The most remarkable essay in the book is the final one, “Barend and I.” Albert is the brother of the painter of still-lifes and interiors Barend Blankert (Schwartzlist 160: “Figuratively painting”). Dropping his scholarly guard, Albert compares Barend favorably to Pieter Claesz. and Zurbaran, Claude Monet and David Hockney, placing him as a 20th-century artist on the level of Francis Bacon, Balthus, Lucian Freud and Anselm Kiefer and their superior in avoiding sex and violence. The moderate relativism that marks Albert’s historical judgment is discarded in favor of an absolute scale of quality in art, on which Barend excels. The essay contains painfully revealing information about the brothers’ parents, with theories on how family relations guided the choice of profession of the father’s favorite (Albert) and the mother’s (Barend). Albert relates the “tragic view of life” in Barend’s art to his seriously disturbed relation with his father. Without drawing conclusions concerning his own view of art from his autobiography, in this disarming memoir Albert nonetheless provides the reader with materials for judging his scholarship in terms of his life. This too makes the cool-sounding Selected writings on Dutch painting an exceptional book.
One other point deserves mention. Many of the Selected writings as well as the book itself were sponsored or financed both by universities, museums and government agencies and by art dealers. The acknowledgments on p. 10 are an honor list of institutions, galleries and individuals who do themselves credit by supporting the work of this independent-minded and uncompromising art historian.
[Text originally published via garyschwartzarthistorian.nl.]
February 1, 2023:
After the death of Albert’s wife Alice in 2008, Albert went into a physical decline which she, a nurse, would not have allowed to happen. Although he never lost his sharpness of intellect, everything else fell away bit by bit, so that he spent his final two years in nursing homes, in rooms with no books or even tv. Mercifully, he did not seem to mind very much, and was able to keep himself entertained with his own thoughts and memories. His sons Anne and Bas and especially his daughter Lucine did what they could to keep him afloat. At his funeral in the Kloosterkerk in The Hague, his brother Wolter could give us the solace of telling that Albert’s last words to him were “Goed, goed.”
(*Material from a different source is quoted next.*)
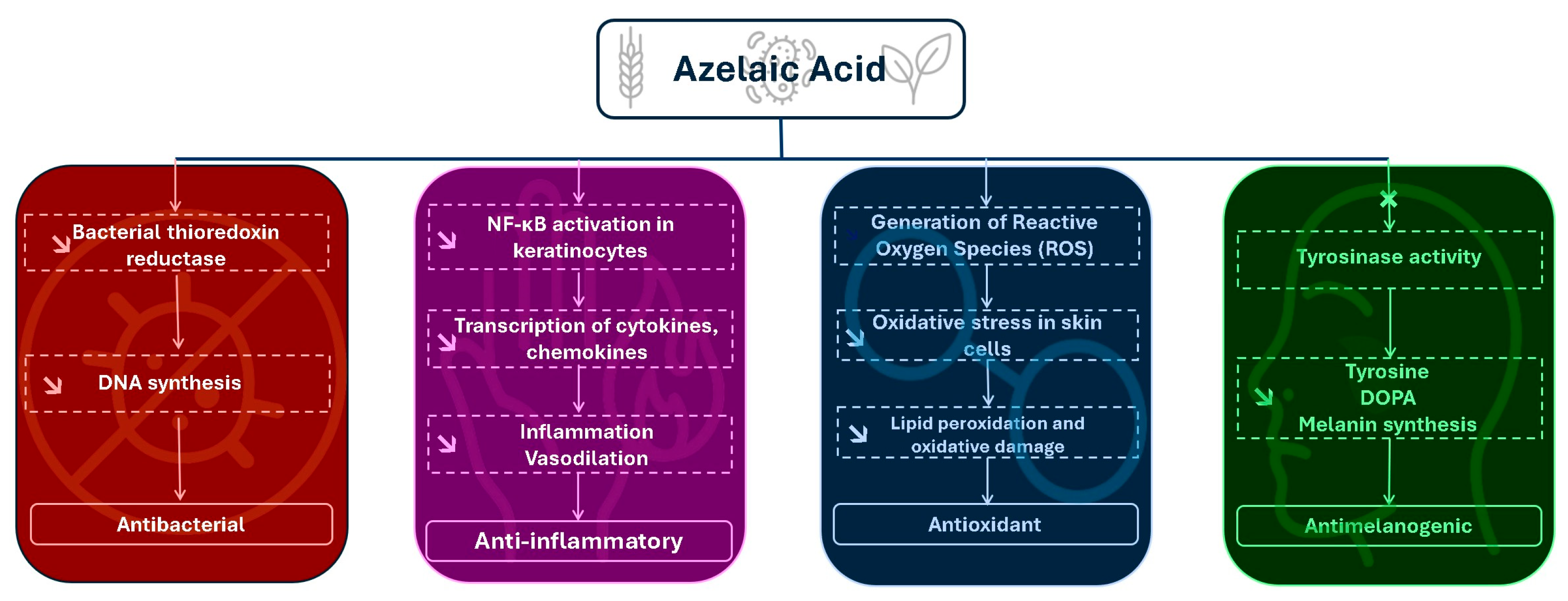 - Feng, X.; Shang, J.; Gu, Z.; Gong, J.; Chen, Y.; Liu, Y. Azelaic acid: Mechanisms of action and clinical applications. Clin. Cosmet. Investig. Dermatol. 2024, 17, 2359–2371. [Google Scholar] [CrossRef]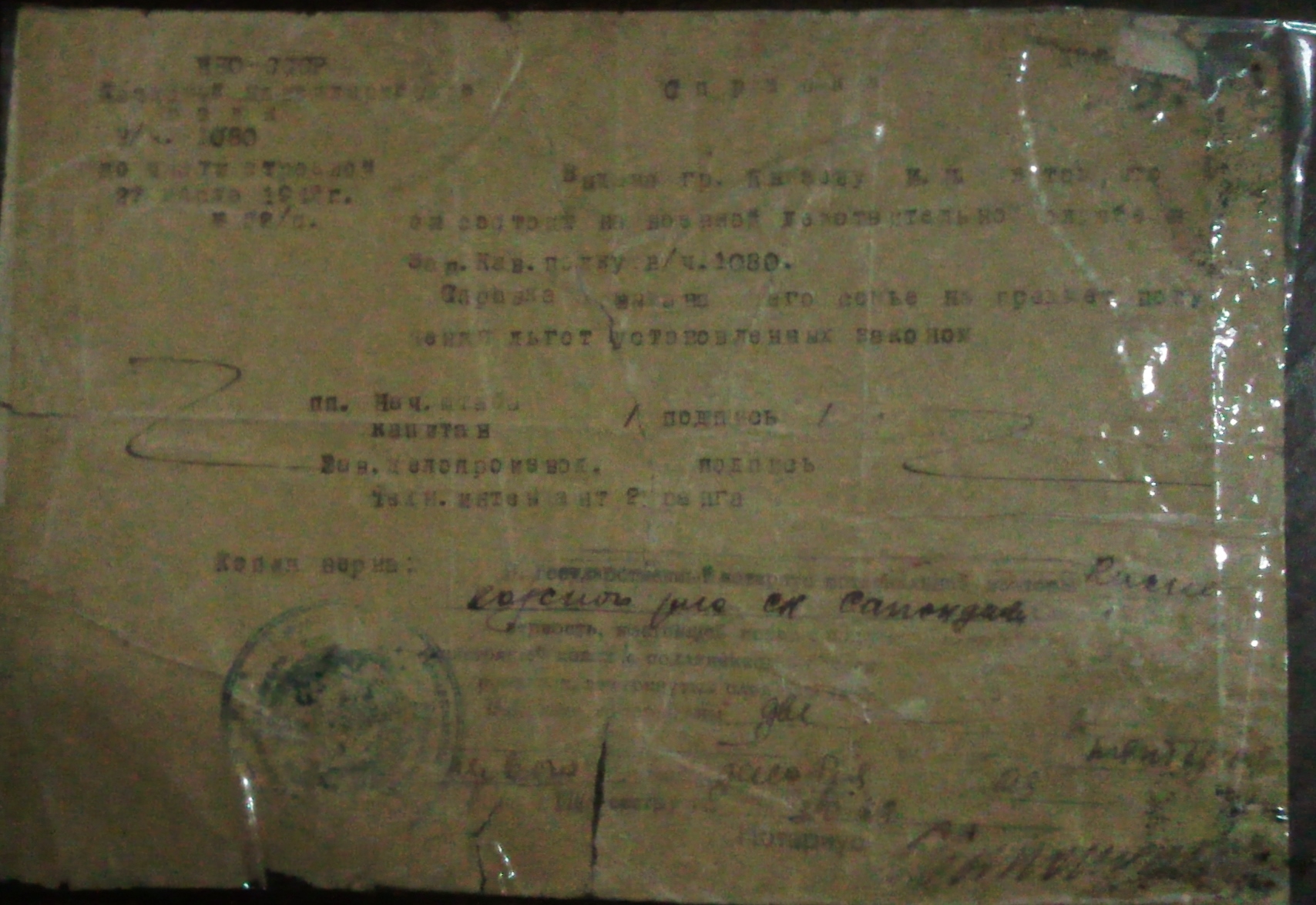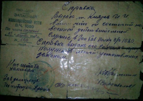 Всю известную мне информацию я черпаю из справки, которую бабушка всю жизнь хранила, а сейчас она находится у меня. Информация из данной справки: "Данная справка дана Князеву И.И. служащему в Запасном Кавалерийском полку Южного фронта В.Ч.№1080 по части строевой в Западно-кавалерийском полку, Начальник штаба капитан (фамилию прочитать трудно,скорее всего или Абранский или Абрамский) и зав.делопроизводитель тех. интендант 2 ранга Самохвалов.

My last museum visit with Albert – and my wife Loekie – took place on February 4, 2020. He was still living in his house on the Koningsplein in The Hague. We drove Albert to the Bredius Museum to see the exhibition of the Inder Rieden collection of seascape paintings, which he was able to take in entirely, in a shuffling pace. Afterwards we went out to his favorite neighborhood restaurant, Da Sebastiano. I don’t think we talked about it, but the visit could have brought to mind two of Albert’s everlasting contributions to Dutch museology: his catalogue of the paintings in the Bredius Museum and his campaign to rejoin, and keep for the museum, the dismembered halves of Jan Steen’s Wedding Night of Tobias and Sarah, one of the great old master stories of our time.
Albert had a lot of memories to savor. And he left me, his senior by four days in mid-June 1940, with a rich shared store of my own.